Its also important to let them win every now and again, as theyre still learning, so they want to get better and things we enjoy continue to get passed down.
NTA i let my little brother win once in a game now he beats me in every single thing we play😔 but on a serious note you aren’t the asshole its normal to learn that you cant always win i know you felt bad seeing him cry i feel bad when i see my little siblings cry too but kids just don’t know how to regulate their emotions yet and crying is healthy and normal for his age over something like that im sure that eventually he wont get as upset, but if you want and think it might help maybe explain to him that sometimes we don’t win but thats ok because playing the game is still fun even if you don’t win and you can always try to win next time
You already know you’re the asshole based on how you feel right now.
NTA, I never let my kids win, they have to earn it, but I always compliment them on their successes.
NAH. You’re allowed to play the game and win for yourself and your brother is allowed to feel upset for losing
As his older brother, it’s your duty and right to humiliate him at video games. If you let him win, he’ll think he’s better than you and he’ll become rebellious. Not only did you do the right thing, now you have to beat him at other games too.
YTA. You said it yourself, you won more than you should have. He is 5yo. You’ve proved nothing to yourself by beating him enough times to make him cry other than you weren’t being a great older sibling. He just wanted to spend time with you and bond. I would invite him to play again and show him how he can win more, encourage him and let him win the first game and maybe every 2-3 after. Always end on him winning, or games being incredibly close, if you want him to be happy about playing with you more.
NTA
Tell him to Get Good
Never let them win. Make them earn it. The day he actually beats you will be one of the best days of his life.

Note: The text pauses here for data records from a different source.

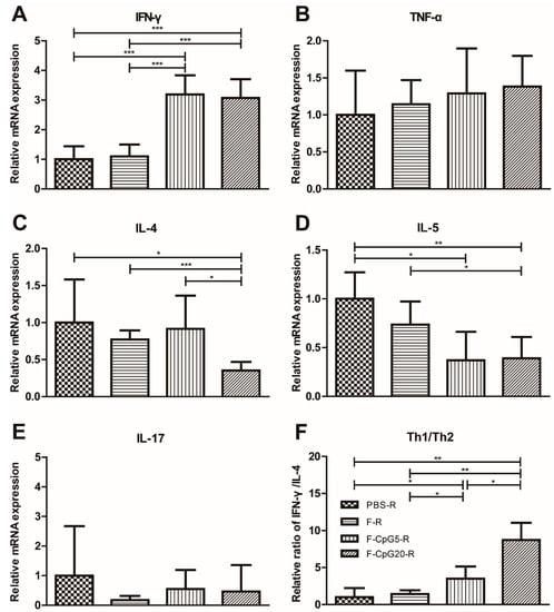 Cytokine production in lungs of immunized mice after 4 day of RSV challenge. BALB/c mice (n = 5) were immunized 4 times via i.m. route with either pVAX1-F (30 μg/dose/mouse), pVAX1-CpG5-F (30 μg/dose/mouse), pVAX1-CpG20-F (30 μg/dose/mouse), or PBS (NC, 100 μL/mouse). The vaccinated mice were intranasally challenged with 1 × 106 PFU of RSV after 14 days of last immunization. The messenger RNA (mRNA) levels of IFN-γ (A); tumor necrosis factor alpha (TNF-α) (B); IL-4 (C); IL-5 (D); and IL-17 (E) were tested with RT-PCR and were normalized relative to glyceraldehyde phosphate dehydrogenase (GAPDH). The formula (mRNA expression = 2−ΔΔCt, Ct is the cycle threshold) was used to calculate the cytokine secretion level of each group; (F) Ratios of IFN-γ/IL-4 were calculated to illustrate the polarization of immunized mice upon challenge. Data showed mean ± SD, analyzed by two-way ANOVA in GraphPad Prism. * p < 0.05, ** p < 0.01, *** p < 0.001. F: pVAX1-F; F-CpG5: pVAX1-F-CpG5; F-CpG20: pVAX1-F-CpG20; R: challenge.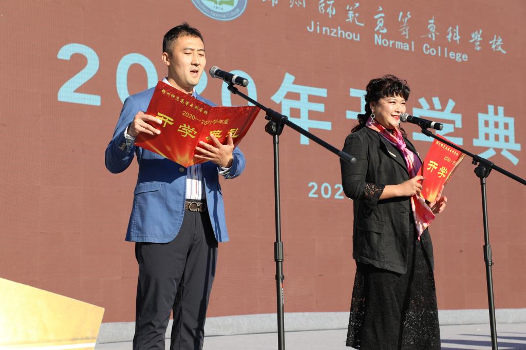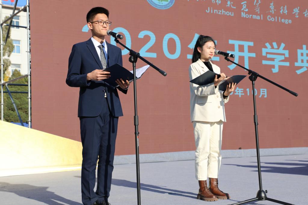 开学典礼上,英语系教师齐若琳、小学教育系辅导员姚璐作为教师代表发言,中文系学生谷剑忠代表老生发言,小学教育系孙睿代表新生发言。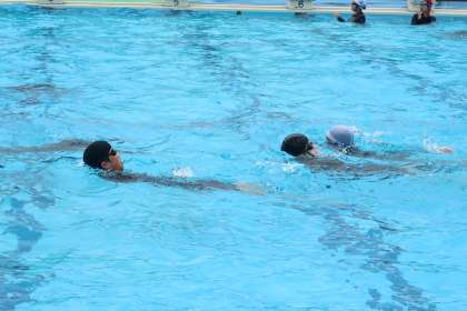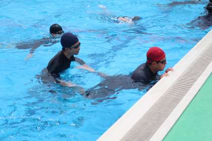 泳法の検定試験に向け、仲間と一生懸命練習していました。
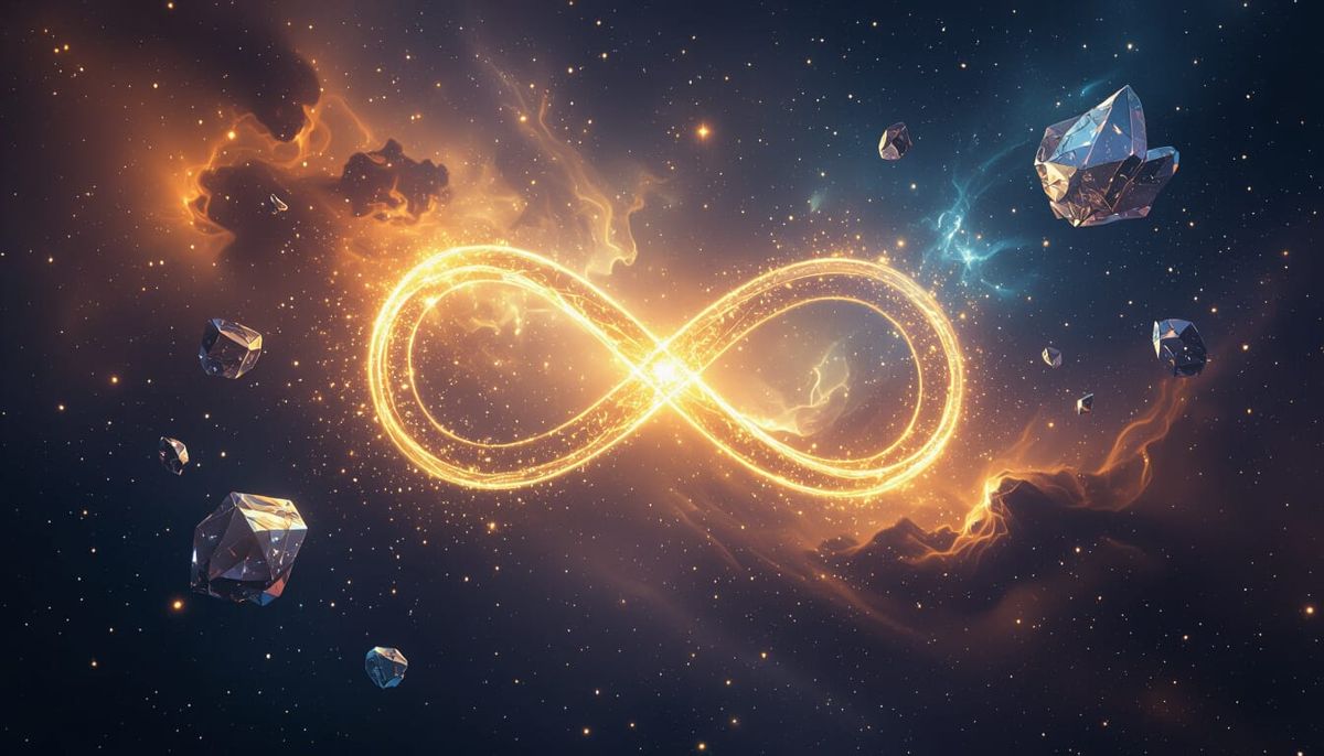 This image shows a glowing golden infinity symbol at the center of a vibrant cosmic nebula with colorful star formations. Shimmering crystals drift around the symbol, creating an elegant, vast deep space ambiance.
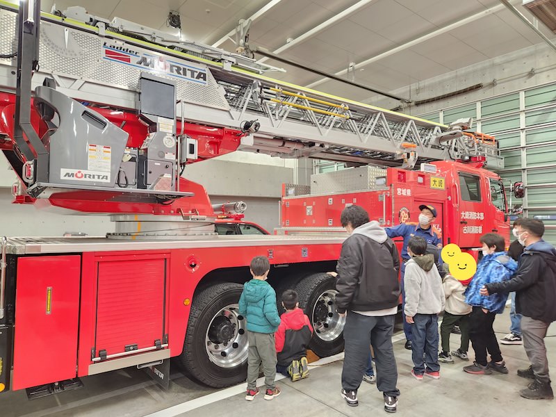 まずは、外に並んだ消防車両へ導かれ、車内の装備や役割について教えていただきました。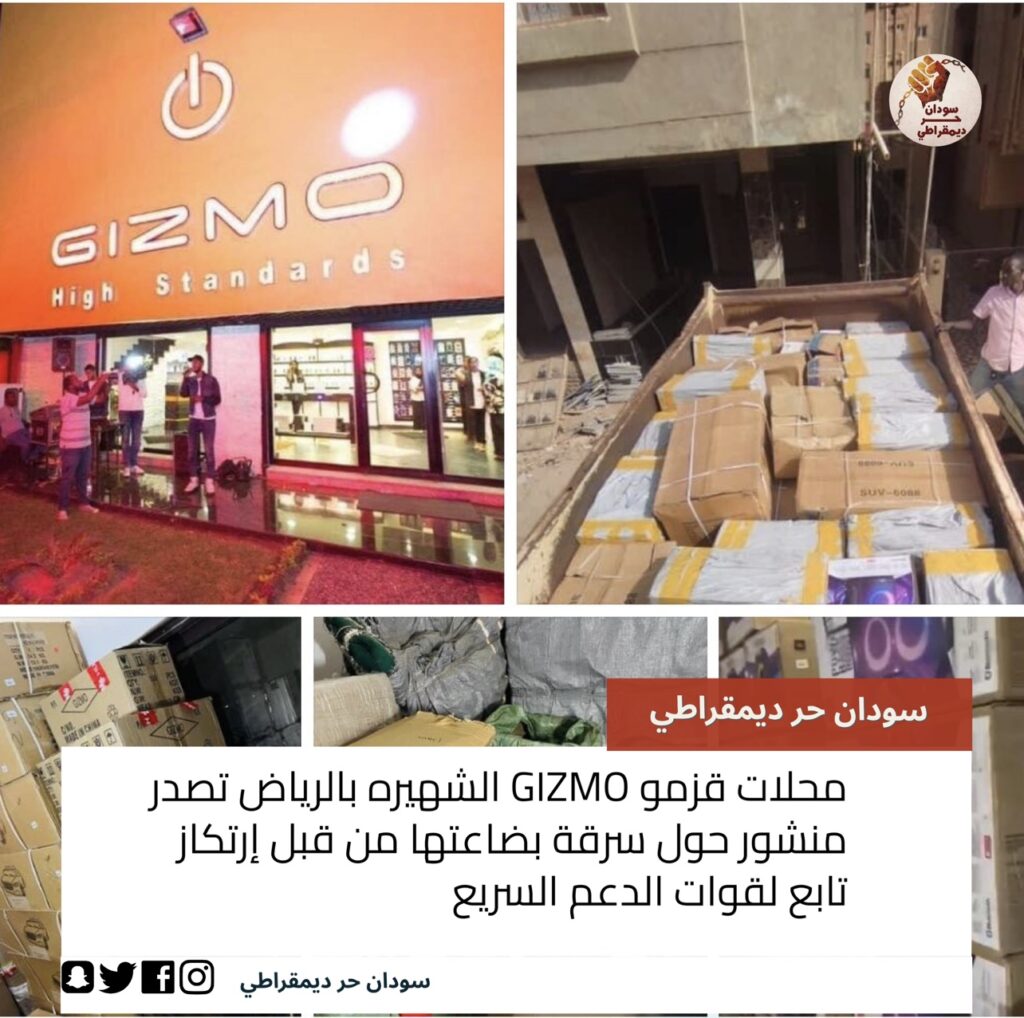 محلات قزمو GIZMO الشهيره بالرياض تصدر منشور حول سرقة بضاعتها من قبل إرتكاز تابع لقوات الدعم السريع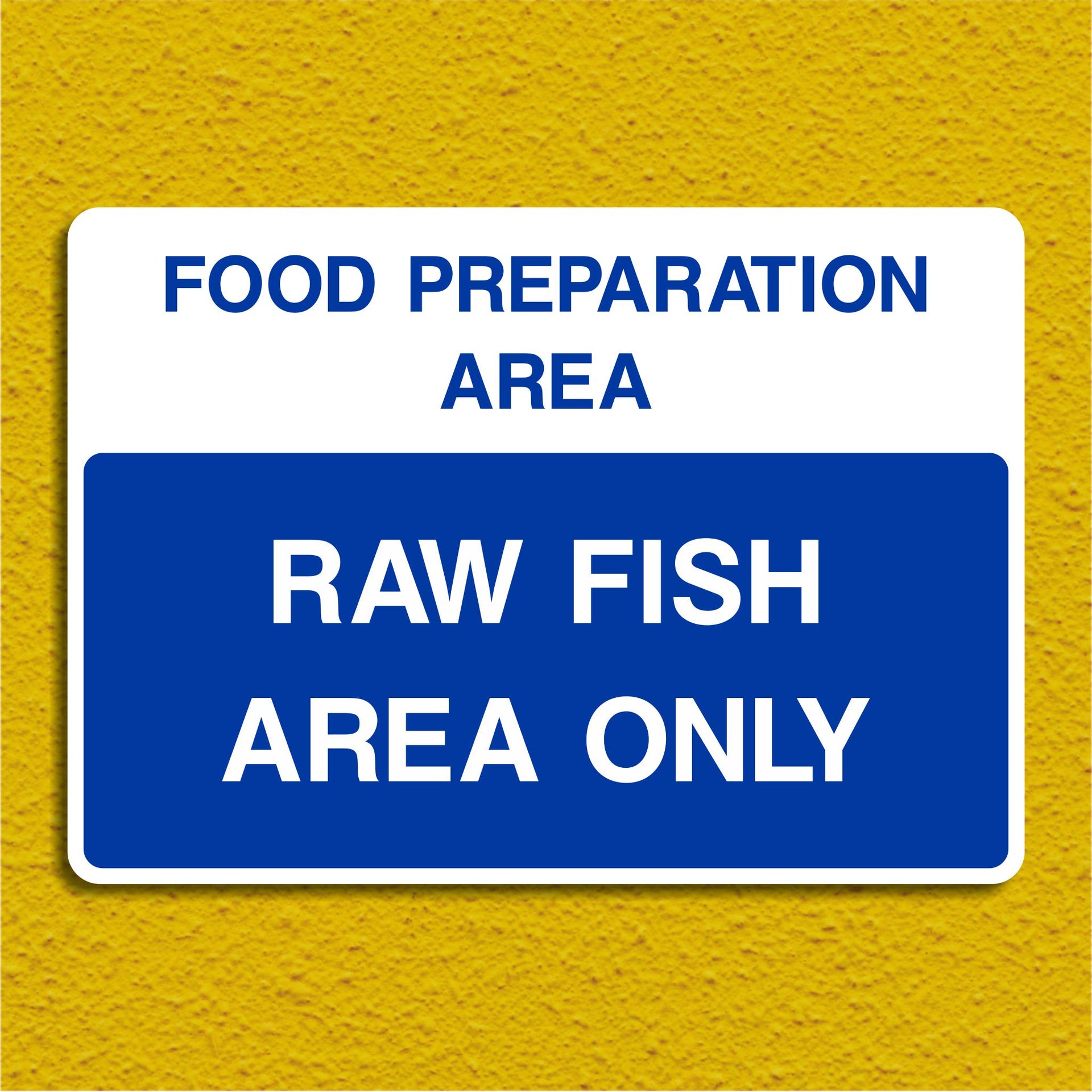 Food Preparation Area Raw Fish Area Only Signs are used in commercial kitchens, seafood processing plants, sushi bars, and catering facilities to designate a specific area for handling and preparing raw fish. Raw fish can carry harmful pathogens like Listeria, Salmonella, or parasites. These signs help ensure that raw fish is prepared in a separate, controlled area—away from cooked foods, meat, or ready-to-eat items. All our safety signs are compliant with BS EN ISO 7010 where applicable.

NTA. You didn’t do anything wrong, it’s perfectly normal to want to win. But your little brother wanted to play a game with you because he likes to spend time with you. So sometimes that means kicking his butt in SA2. And sometimes that means teaching him how to play the game better. Also, while you absolutely don’t have to, letting him win once in a while might be nice for him. Just make sure that head of his doesn’t get too big with his victories. After all, there’ll always be plenty to learn from the expert (you, of course).
NTA I never let my little sister win. Ever. She’s very good at games now. Arguably, better than me, because she plays more. If I hadn’t dominated her for our entire existence, she wouldn’t be so good at them now.